Boardman River Dam-Removal Project Moving ForwardJuly 16th, 2013
MUCC supports the removal of Sabin, Boardman, and Brown Bridge Dams by the DNR as planned and the return of the Boardman River to a free-flowing condition, via a policy resolution from MUCC’s 2011 Annual Convention.
Story and pictures from the Michigan Department of Natural Resources (DNR) series, “Showcasing the DNR“.
Like many rivers across Michigan – and the world, for that matter – the Boardman River has been dammed at a number of places over the years. The Department of Natural Resources has been working with other entities to remove or modify those dams to restore the Boardman, which flows through Grand Traverse and Kalkaska counties, to a more natural state.
The Boardman River project is the most comprehensive dam-removal and watershed-restoration effort in Michigan’s history and represents a model for how diverse organizations can collaborate effectively to work through complex issues that span multiple jurisdictional boundaries. The project actively engages local, state, federal and tribal units of government, as well as non-profit environmental groups, educational institutions, stakeholders and the general public.
Four dams, all within 20 miles of the mouth of the Boardman, where it empties into West Grand Traverse Bay, came into focus for this project. Union Street Dam is about a mile upstream from the river mouth. Five miles further upstream sits Sabin Dam. Another mile upstream is Boardman Dam. And 12 miles upstream from there used to be Brown Bridge Dam, built in 1921 and placed into service in 1922, which has been removed.
“The project began in 2005, when the owners of the dams wanted to assess all of them for their environmental, social and economic pros and cons,” explained DNR Lake Michigan Basin coordinator Todd Kalish. “In 2009, the owners of the dams — Grand Traverse County, which owns Sabin and Boardman dams, and the city of Traverse City, which owns Union and Brown Bridge dams – decided to remove the dams for a variety of reasons.”
Economics was a major factor. The dams were all in need of repair for safety reasons, and using the dams to generate hydropower was not economically feasible, Kalish said.
“Over 30 years, the projected revenue from hydropower would be around $8 million,” he said. “But the projected cost of repair and maintenance would have been $16 million — twice as much.”

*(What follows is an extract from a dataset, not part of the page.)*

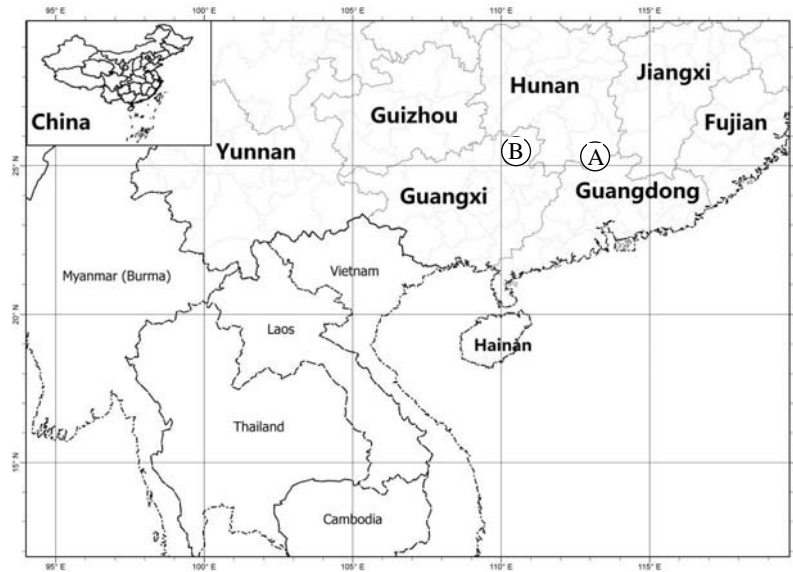
Fig. 3. Distribution of Primulina lechangensis X. Hong, F. Wen & S.B. Zhou, sp. nov. (A) and its related species, P. longicalyx (J.M. Li & Y.Z. Wang) Mich. Möller & A. Weber (B) in China.

Note: Primulina lechangensis is morphologically close to P. longicalyx (J.M. Li & Y.Z. Wang) Mich. Möller & A. Weber based on the shape of leaf and flower, but it can be easily distinguished by some additional characteristics. A detailed comparison of the diagnostic characters between P. lechangensis and P. longicalyx is shown in Table 1.

The benefits of removal are well-documented, Kalish said. Not only would the removal allow fish passage up and down the system, but it would enhance the cold-water fish community in what had been a cold-water system.
“Not just trout, but aquatic insects, sculpins, those sorts of things,” Kalish said.
There are additional benefits, too, Kalish said. The area that was previously under impounded water would provide wetland and upland habitat. And the impounded water supported warm-water fish – bass, pike, etc., — that predate trout. Dams prevent the natural movement of sediment and woody debris downstream and discharge unnaturally warm water into the river. And the zebra mussels that became established in the impounded water wouldn’t have been there without the dams.
“The Brown Bridge Dam is completely gone,” Kalish said. “The cost of removal was about $4.4 million.
“The 200-acre Brown Bridge impoundment now has a more diverse environment – high-quality river, fast-moving water, gravel and lots of insects. The benefits of the dam removal greatly exceed just fish.”
The dam removal has resulted in restoring a mile and a half of trout stream and reconnected the stream to another 145 miles of streams. The project team is working to put in woody structure in the restored channel above the old Brown Bridge site and is monitoring the vegetation in the flood plain to make sure invasive species do not become established.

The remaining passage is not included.